**Example 1:** Determine whether the series is convergent or divergent. If it is convergent, find its sum. **(a)** \sum\frac{1+3^n}{2^n}; **(b)** \sum\frac{1}{1+(2/3)^n}; **(c)** \sum (3/5^n+2/n).

**Hint: (a) (b)** Find the limit of a_n. **(c)** If \sum a_n is convergent and \sum b_n is divergent, then \sum (a_n + b_n) is divergent.

**Example 2:** Determine whether the series \sum_{n=1}^{\infty}\frac{3}{n(n+3)} is convergent or divergent by expressing s_n as a telescoping sum. If it is convergent, find its sum.

**Hint:** Note that \frac{3}{k(k+3)} = \frac{1}{k} - \frac{1}{k+3}. We have s_n = \sum_{k=1}^n\frac{3}{k(k+3)} = \sum_{k=1}^n(\frac{1}{k} - \frac{1}{k+3}) = 1/1 + 1/2 + 1/3 - 1/(n+1) - 1/(n+2) - 1/(n+3).

**Example 3:** Find the values of x for which the series \sum_{n=0}^\infty (-4)^n(x-5)^n converges. find the sum of the series for those values of x.

**Hint:** This is a geometric series with initial term 1 and common ratio -4(x-5). It is convergent if and only if -1 < -4(x-5) < 1, i.e., 19/4 < x < 21/4. When it converges, the sum is 1 / (1 - (-4)(x-5)) = 1/(4x-19).

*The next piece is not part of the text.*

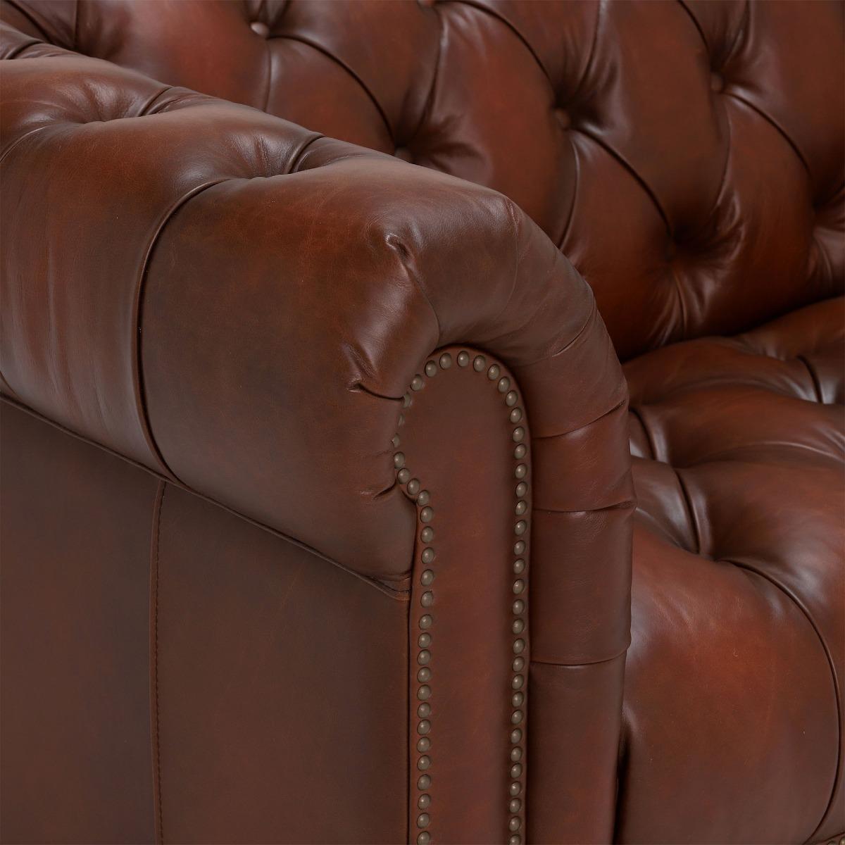 A style that always looks good in gorgeous Vintage Tabac leasther, this mid-century inspired chesterfield has a gorgeous scrolled back and arms that works perfectly with its delicate button-tufting. Sure to catch the eye time and time again, the Ullswater 3 Seater Chesterfield Sofas serpentine spring suspension and luxurious plump foam cushioning offer a supportive comfort, while hand finished stud work and antique castors deliver in the looks department! Not quite what you're looking for? Take a look at the full range of Leather and options available for this item here.

**Example 4:** Use the integral test to determine whether the series \sum_{n=1}^\infty \frac{n}{n^2+1} is convergent or divergent.

**Hint:** Consider f(x) = \frac{x}{x^2+1} for x > 1. Check it is continuous, positive and ultimately decreasing.

**Example 5:** Determine whether the series is convergent or divergent. **(a)** 1 + 1/8 + 1/27 + 1/64 + 1/125 + \ldots; **(b)** \sum_{n=1}^\infty\frac{1}{n^2+4}; **(c)** \sum_{n=2}^\infty\frac{1}{n\ln n}.

**Hint:** Consider f(x) = 1/x^3, f(x) = \frac{1}{x^2+4}, f(x) = \frac{1}{x\ln x} for (a), (b), (c) respectively. Check they are continuous, positive and ultimately decreasing.